In a study done in North America in 2017, 38% of employees don’t feel encouraged to take a lunch break, worrying that their bosses or fellow employees will feel that they’re not hardworking. But evidence suggests those lunch breaks are important:
…employees who take a lunch break are more likely to be satisfied with their job, and say they are as effective and efficient as they would like to be. This is consistent with other research, which shows that taking breaks from work is important for recovery – and adequate recovery is critical for top performance. Energy isn’t unlimited, and just as athletes have halftime to rest during a game, employees need to rest so they can do their best work. Taking a break in the middle of the day for lunch is a recovery period, allowing employees to come back refreshed and reinvigorated for the second half – as this research clearly shows.Jennifer Deal, Senior Research Scientist, Center for Effective Organizations, University of Southern California (USC)
It’s not just lunch breaks, too. Environments conducive to rest allow us to tinker more with different ideas, have casual conversations, and possibly come up with better solutions to our problems at work. Going back to Churchill’s Chequers estate, Larson wrote:
The house fostered an easier and more candid exchange of ideas and opinions, encouraged by the simple fact that everyone had left their offices behind and by a wealth of novel opportunities for conversation — climbs up Beacon and Coombe Hills, walks in the rose garden, rounds of croquet, and hands of bezique, further leavened by free-flowing champagne, whiskey, and brandy.
Structured rest or play is even more beneficial. Turning off work mode and turning on a completely different mode – in sports, arts, or another field – is a mark of the highest performers.
Scientists and members of the general public are about equally likely to have artistic hobbies, but scientists inducted into the highest national academic are much more likely to have avocations outside of their vocation. And those who have won the Nobel Prize are more likely still. Compared to other scientists, Nobel laureates are at least 22 times more likely to partake as an amateur actor, dancer, magician, or other type of performer. Nationally recognized scientists are much more likely than other scientists to be musicians, sculptors, painters, printmakers, woodworkers, mechanics, electronics tinkerers, glassblowers, poets, or writers, of both fiction and nonfiction. And, again, Nobel laureates are far more likely still.David Epstein from his book Range
And beyond these facts, what we need to remember is that rest also brings an improved quality in life. With ample time for rest, we’re able to have better relationships, more opportunities to follow our passions, learn and reflect about ourselves, and devote time to spirituality, charity, and service.
Especially with the consequences of today’s pandemic, few have the luxury of a country estate and its trimmings. Or even the privilege of affording a hobby or artistic pursuit. But many of us do have a choice.
When we choose time for rest and play in the days we work, we’re also choosing to be productive. When we choose time for rest and play, we’re choosing to care for ourselves.
A friend once told me that life isn’t a sprint; it’s a marathon. And if you’re running a marathon that typically lasts 60+ years, you need ways to manage your energy, passion, and drive to go on.

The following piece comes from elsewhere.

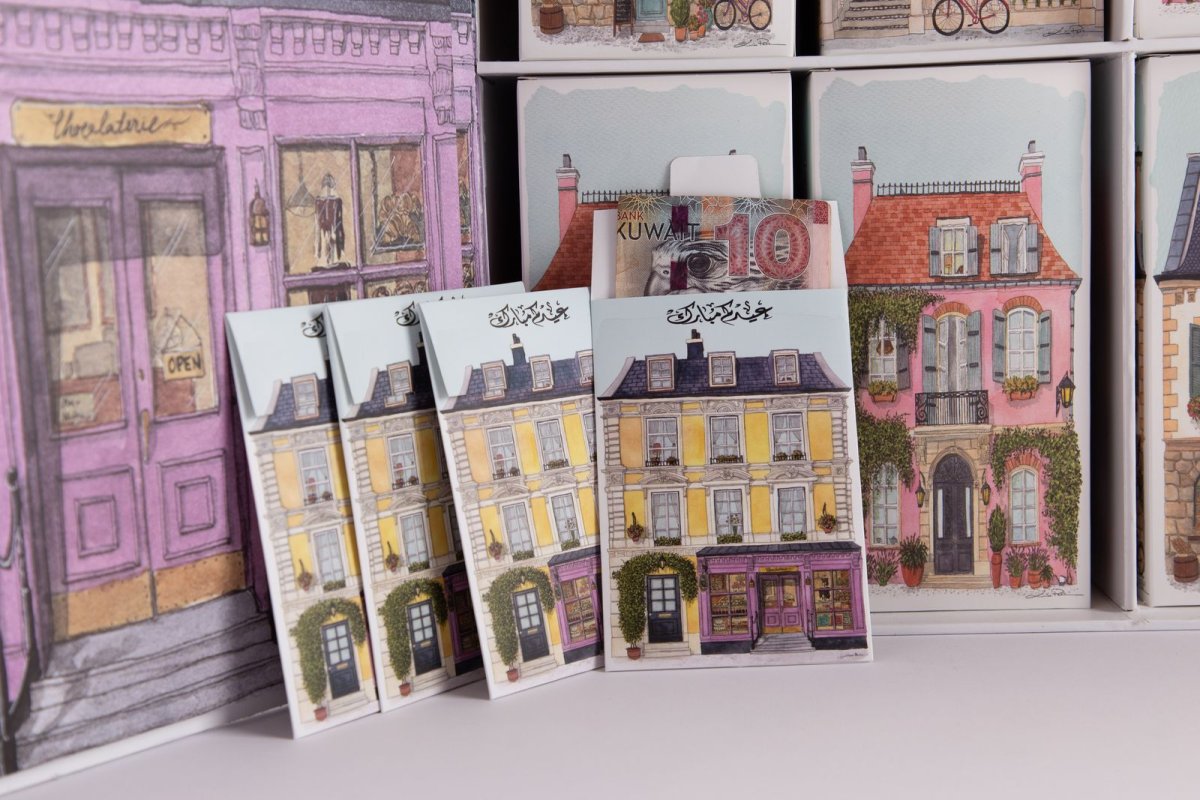 بيت توزيعات عيد مع علب موسيقى وألواح كاكاو‏-مع اظرف العيادي-Q26-31

We shall not fail or falter; we shall not weaken or tire. Neither the sudden shock of battle, not the long-drawn trials of vigilance and exertion will wear us down. Give us the tools, and we will finish the job.Winston Churchill
Churchill, who died at 90 years old, can attest to the need for rest and recreation. By “taking time out”, he had the clarity and motivation to win a war.
If he could take time out, so could you.